Le gambe mi tremano, mentre il vento entra da sotto il cappotto. L'ho recuperato prima di abbandonare il corpo di Russell, voglio godermi la lana ancora un poco.

Inizio a intravedere gli spalti da lontano e la gabbia vuota.

Respira, Roxanne.

Mi tolgo il capello di Blender e lo getto a terra. Libero i capelli dalla coda: prima mi identificano e più possibilità ci sono che non mi sparino a vista. In fondo, sono solo un condannato a pericolosità uno. Stringo tra le dita la catenella di metallo, le piastrine tintinnano tra loro.
Il polso mi duole, lo zigomo pure. Ho paura di avere una costa incrinata dopo lo scontro con Fletcher. Arranco, appoggiando un piede alla volta, come fosse la prima volta che cammino.
Avvicinandomi agli spalti mi rendo conto dell'agitazione: le alte cariche del Governo sono in fibrillazione e attorno al recinto elettrificato gli uomini dell'esercito si alternano a quelli della Guardia Segreta. Sono tutti armati.

Qualcuno si accorge di me e grida per richiamare l'attenzione. In un attimo, la confusione sembra cristallizarsi e il silenzio m'investe. Sono senza armi, con le mani e i vestiti sporchi del sangue di Russell, i capelli e il viso ricoperti di terra e polvere.

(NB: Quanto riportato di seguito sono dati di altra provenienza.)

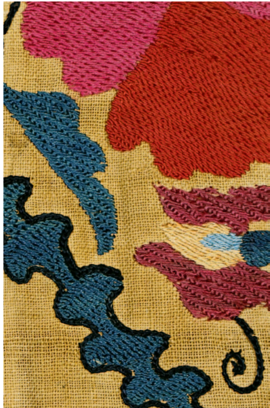
Fig. 8. Ifao, inv. 178. Détail du décor brodé : zones de remplissage réalisées au point de Kansda-Kayol et au point de Basma .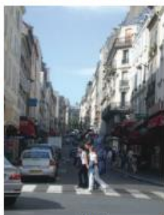
rue des Martyrs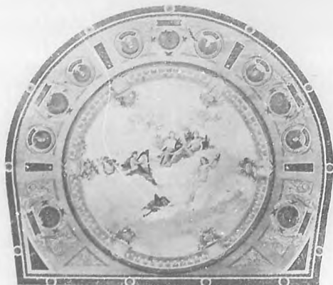
Bosquejo de techo en el Teatro "Roma", Murcia.

Las reproducciones de sus cuadros, que hoy publicamos, si bien no pueden dar por ser en negro, una idea completa del color brillante y armo-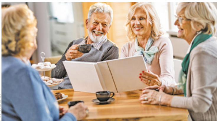
Zgłoszenia kandydatów do rady przyjmowane były do 2 listopada

Praca w radzie będzie miała charakter społeczny. Rada ma być apartyjna, a jej członkowie nie będą angażować się w kampanie i działalność partii politycznych. Jednym z celów statutowych rady jest aktywne wsparcie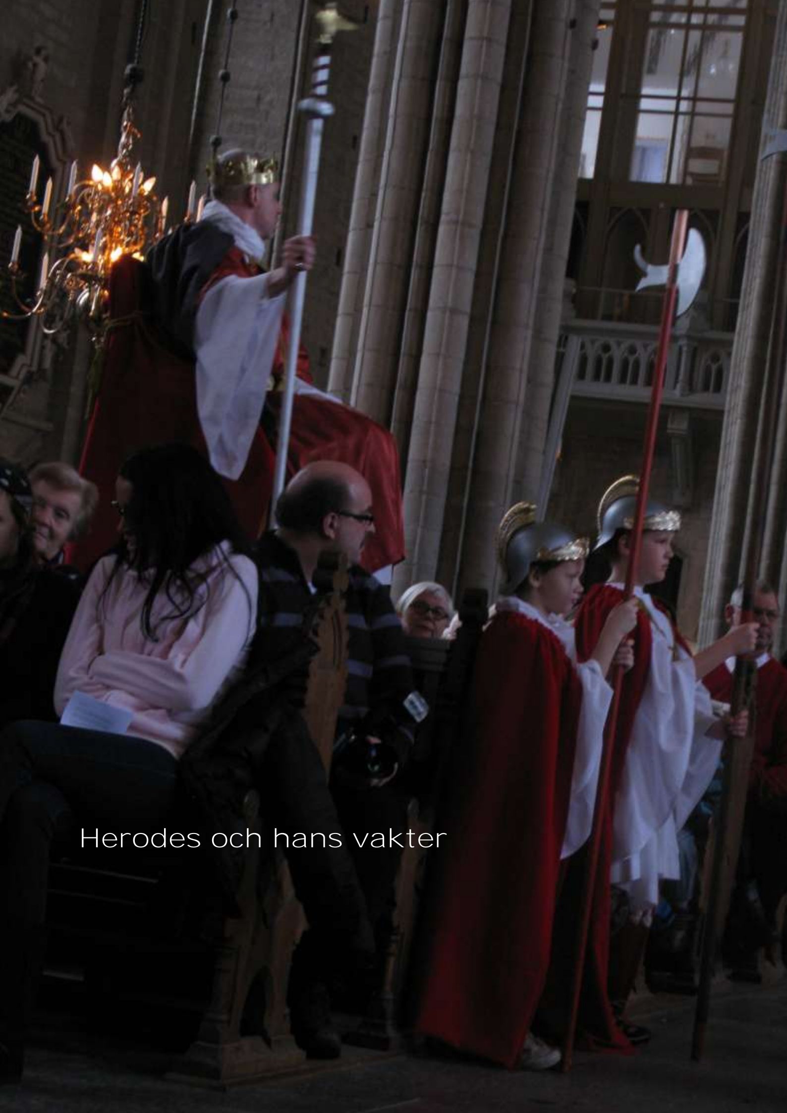
Herodes och hans vakter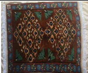
TAPPETO No. 17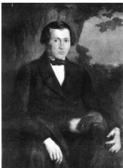
Є. П. Гребінка. Портрет роботи А. М. Мокрицького, 1840 р.

Новицького, однокласника за Ніжинською гімназією вищих наук князя Безбородька – Мар’яна. Позналилися вони влітку 1831 року в садибі її батька в селі Снітин Лубенського повіту Полтавської губернії.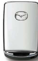
SNOW FLAKE WHITE PEARL MICA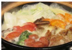
伊賀の食材たっぷりの「クリーム鍋」。4人から楽しめる

Le cinque reclute superstiti capiscono che non sono una di loro, nonostante indossi i medesimi vestiti. Iniziano a inveire e urlare frasi sconnesse agli Istruttori. Gli uomini dell'esercito puntano le loro canne nella mia direzione, ma nessuno dà ordine di spararmi.

Sento le gambe cedermi a pochi metri dal recinto. Mi inginocchio a terra, deposito di fronte a me la collana della mia Caccia, come fosse un'offerta devoluta ai piedi di un altare. Fatico a tenere la schiena dritta e a non accasciarmi al suolo.

Sugli spalti Foster Cook litiga con Speed, gesticola con durezza, urlando frasi che non riesco a comprendere da questa distanza. Il Ministro della Propaganda è seduto, con un'espressione da cane bastonato. Lana tenta di sedare il padre.

Respira.

La paura si impossessa delle mie viscere. Non voglio morire, non voglio diventare un pasto per gli animali delle Canary Wharf. Devo stringere Johnny un'ultima volta e sentire ancora i racconti di Gary. Nessuno mi spara. La confusione diventa assordante, tutti sanno che è successo un disastro durante la Caccia, eppure non vogliono ammetterlo. Chissà se mi interrogheranno, prima di eliminarmi.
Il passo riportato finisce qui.